Work to complete
Under this line sits a listing. Repeat exactly and only its lines from the one holding "10.7月17日,项目部公布" through the one holding "Real-Time, Singleplayer |"; skip pictures.

Records supplied
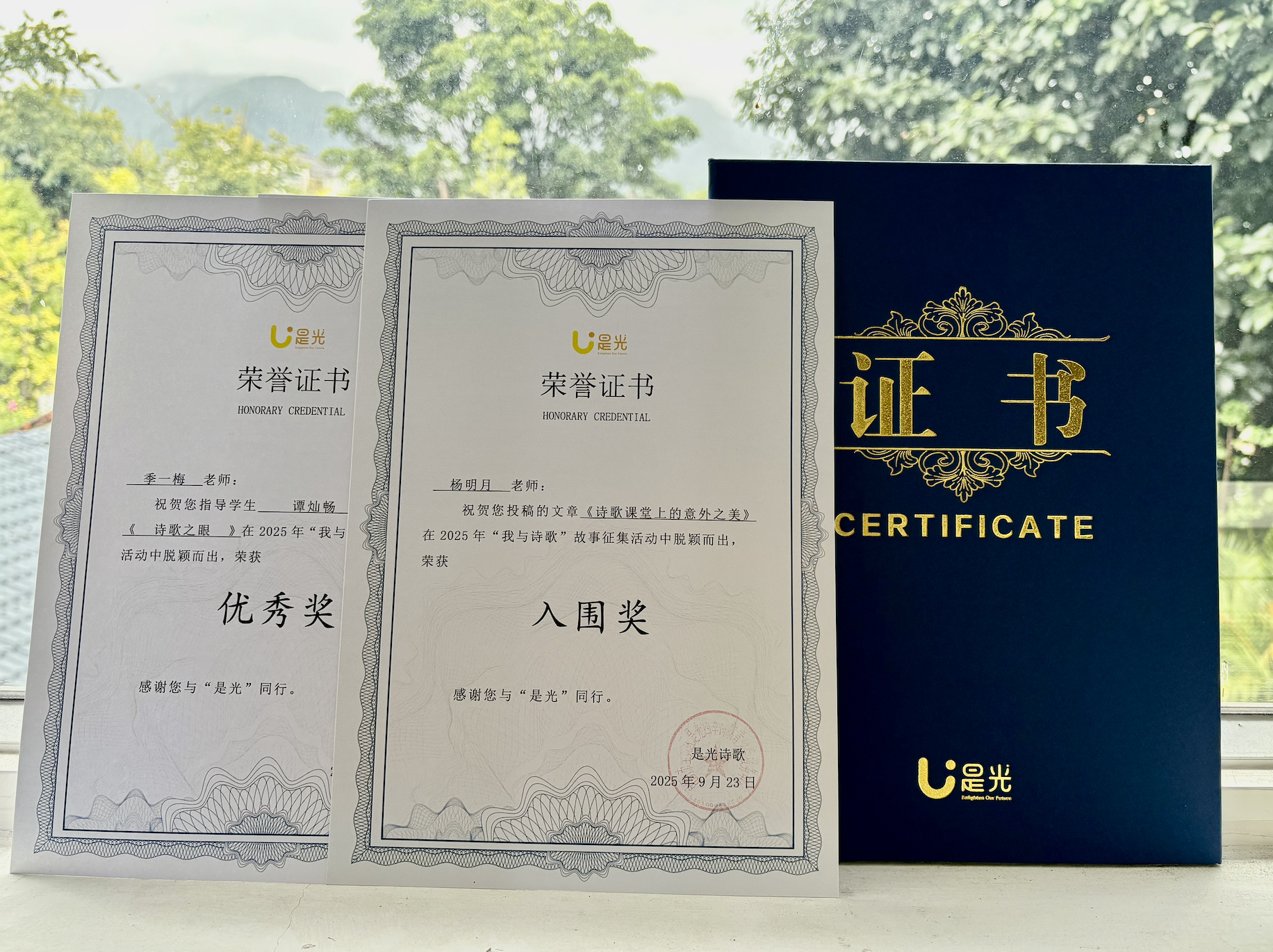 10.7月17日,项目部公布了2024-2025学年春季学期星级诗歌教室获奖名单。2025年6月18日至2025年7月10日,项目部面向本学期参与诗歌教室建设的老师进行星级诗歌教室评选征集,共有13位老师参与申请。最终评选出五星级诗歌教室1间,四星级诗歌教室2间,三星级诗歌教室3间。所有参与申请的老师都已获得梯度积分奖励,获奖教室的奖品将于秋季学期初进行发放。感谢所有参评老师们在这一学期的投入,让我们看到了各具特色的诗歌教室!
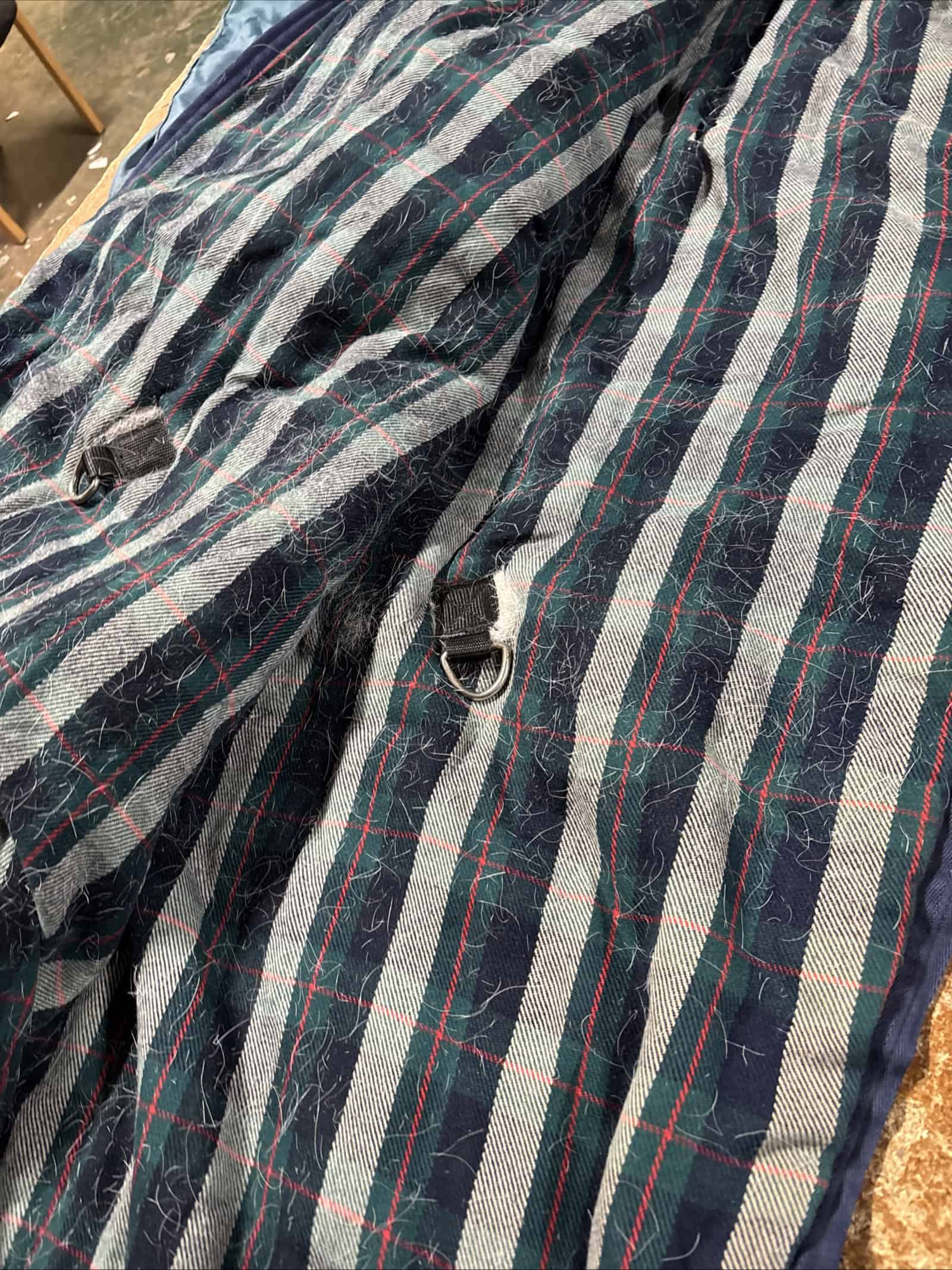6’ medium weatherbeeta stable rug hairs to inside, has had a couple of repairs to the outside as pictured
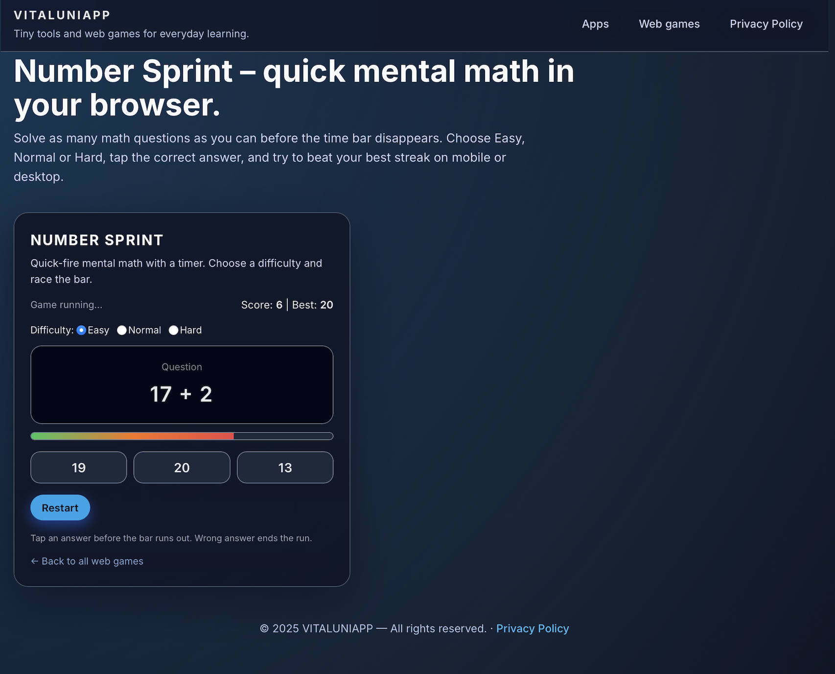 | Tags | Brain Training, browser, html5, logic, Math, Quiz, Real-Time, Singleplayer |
* * *
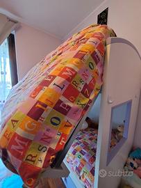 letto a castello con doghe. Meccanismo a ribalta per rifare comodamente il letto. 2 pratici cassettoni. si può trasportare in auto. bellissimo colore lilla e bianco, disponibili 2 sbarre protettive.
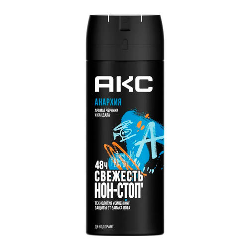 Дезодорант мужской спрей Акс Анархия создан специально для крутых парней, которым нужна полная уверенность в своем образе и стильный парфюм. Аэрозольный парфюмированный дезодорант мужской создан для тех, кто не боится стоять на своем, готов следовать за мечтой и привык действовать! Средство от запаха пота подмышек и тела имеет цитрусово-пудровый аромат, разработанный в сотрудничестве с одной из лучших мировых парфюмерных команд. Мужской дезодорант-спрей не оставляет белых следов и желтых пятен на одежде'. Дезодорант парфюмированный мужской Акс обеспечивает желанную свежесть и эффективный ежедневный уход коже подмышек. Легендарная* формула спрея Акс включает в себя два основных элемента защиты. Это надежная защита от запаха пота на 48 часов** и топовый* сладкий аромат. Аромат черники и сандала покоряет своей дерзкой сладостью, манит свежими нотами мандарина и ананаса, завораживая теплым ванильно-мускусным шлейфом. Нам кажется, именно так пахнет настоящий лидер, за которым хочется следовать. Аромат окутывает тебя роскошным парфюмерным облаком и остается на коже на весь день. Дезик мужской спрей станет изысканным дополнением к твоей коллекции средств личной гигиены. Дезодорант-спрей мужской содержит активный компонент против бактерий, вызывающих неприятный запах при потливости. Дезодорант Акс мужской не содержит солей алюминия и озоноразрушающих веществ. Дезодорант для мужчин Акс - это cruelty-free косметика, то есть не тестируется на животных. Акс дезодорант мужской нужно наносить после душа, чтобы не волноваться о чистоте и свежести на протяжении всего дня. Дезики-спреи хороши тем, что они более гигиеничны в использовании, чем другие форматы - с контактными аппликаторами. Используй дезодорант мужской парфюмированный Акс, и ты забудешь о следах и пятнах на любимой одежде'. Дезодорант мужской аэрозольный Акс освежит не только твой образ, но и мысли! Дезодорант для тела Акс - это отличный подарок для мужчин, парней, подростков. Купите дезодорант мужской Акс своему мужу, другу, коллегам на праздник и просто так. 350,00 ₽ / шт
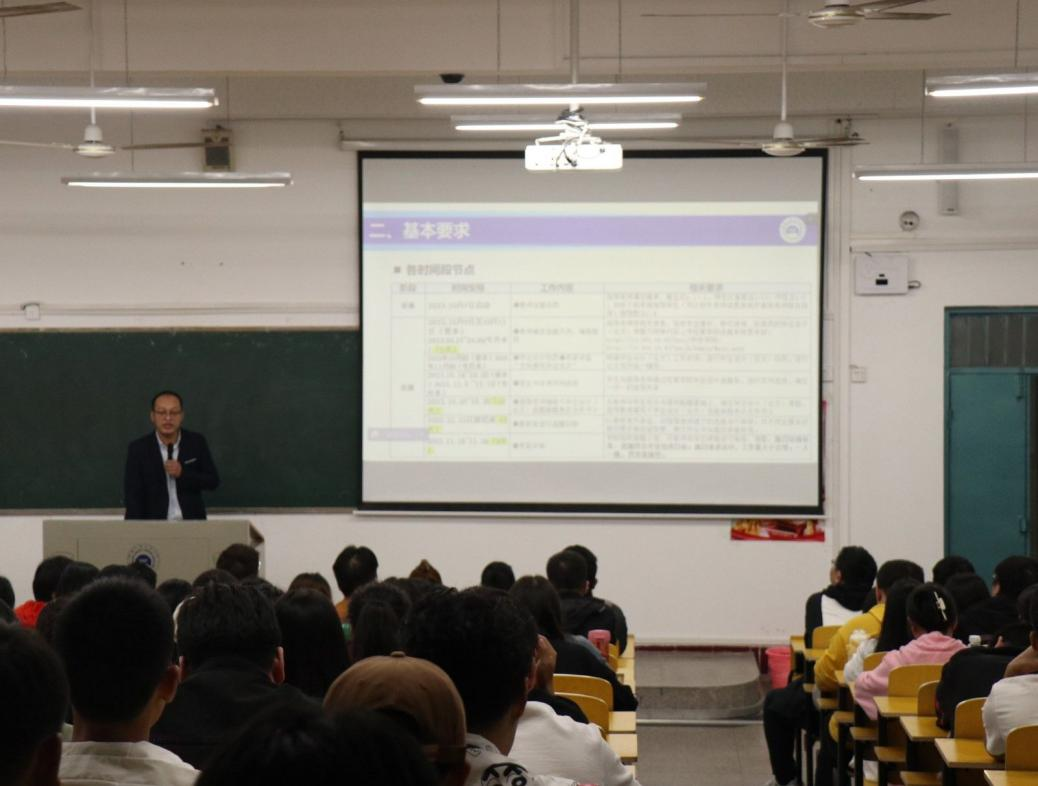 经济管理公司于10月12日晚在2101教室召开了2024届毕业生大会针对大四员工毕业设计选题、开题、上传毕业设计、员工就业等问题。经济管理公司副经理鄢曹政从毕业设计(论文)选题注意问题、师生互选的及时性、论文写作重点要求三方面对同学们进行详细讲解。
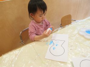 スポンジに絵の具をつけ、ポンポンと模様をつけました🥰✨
--
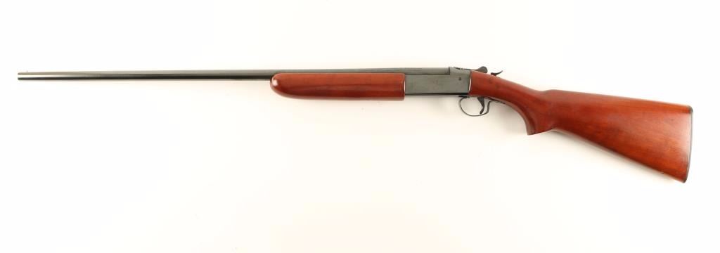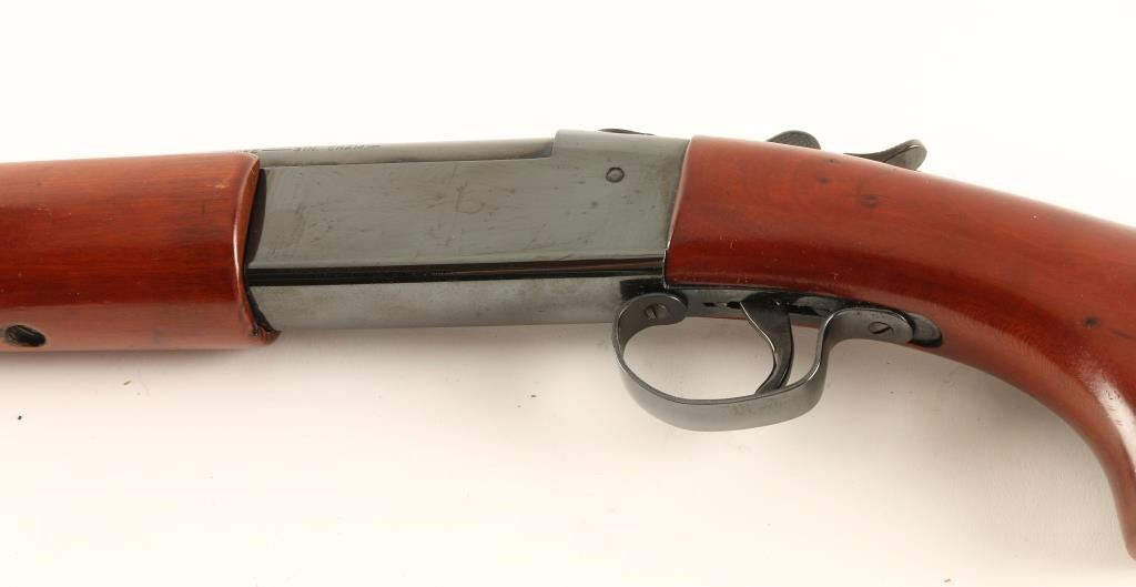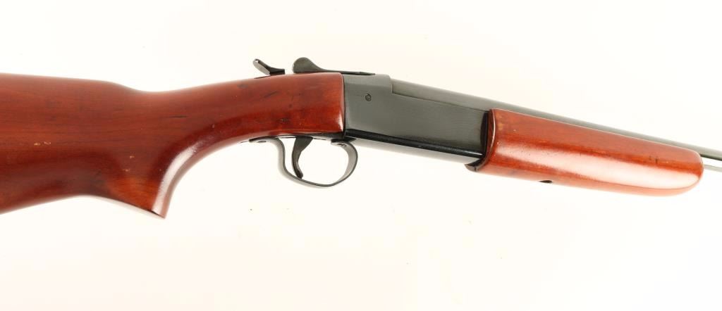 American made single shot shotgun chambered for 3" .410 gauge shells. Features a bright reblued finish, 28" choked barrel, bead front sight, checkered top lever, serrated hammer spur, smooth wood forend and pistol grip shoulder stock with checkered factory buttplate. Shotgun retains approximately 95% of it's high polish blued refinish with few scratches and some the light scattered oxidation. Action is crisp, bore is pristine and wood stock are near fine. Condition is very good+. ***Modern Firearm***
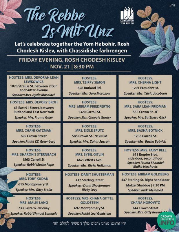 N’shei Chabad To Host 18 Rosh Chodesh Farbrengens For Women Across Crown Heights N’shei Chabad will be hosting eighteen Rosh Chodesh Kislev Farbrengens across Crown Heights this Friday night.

Response area
 10.7月17日,项目部公布了2024-2025学年春季学期星级诗歌教室获奖名单。2025年6月18日至2025年7月10日,项目部面向本学期参与诗歌教室建设的老师进行星级诗歌教室评选征集,共有13位老师参与申请。最终评选出五星级诗歌教室1间,四星级诗歌教室2间,三星级诗歌教室3间。所有参与申请的老师都已获得梯度积分奖励,获奖教室的奖品将于秋季学期初进行发放。感谢所有参评老师们在这一学期的投入,让我们看到了各具特色的诗歌教室!
6’ medium weatherbeeta stable rug hairs to inside, has had a couple of repairs to the outside as pictured
 | Tags | Brain Training, browser, html5, logic, Math, Quiz, Real-Time, Singleplayer |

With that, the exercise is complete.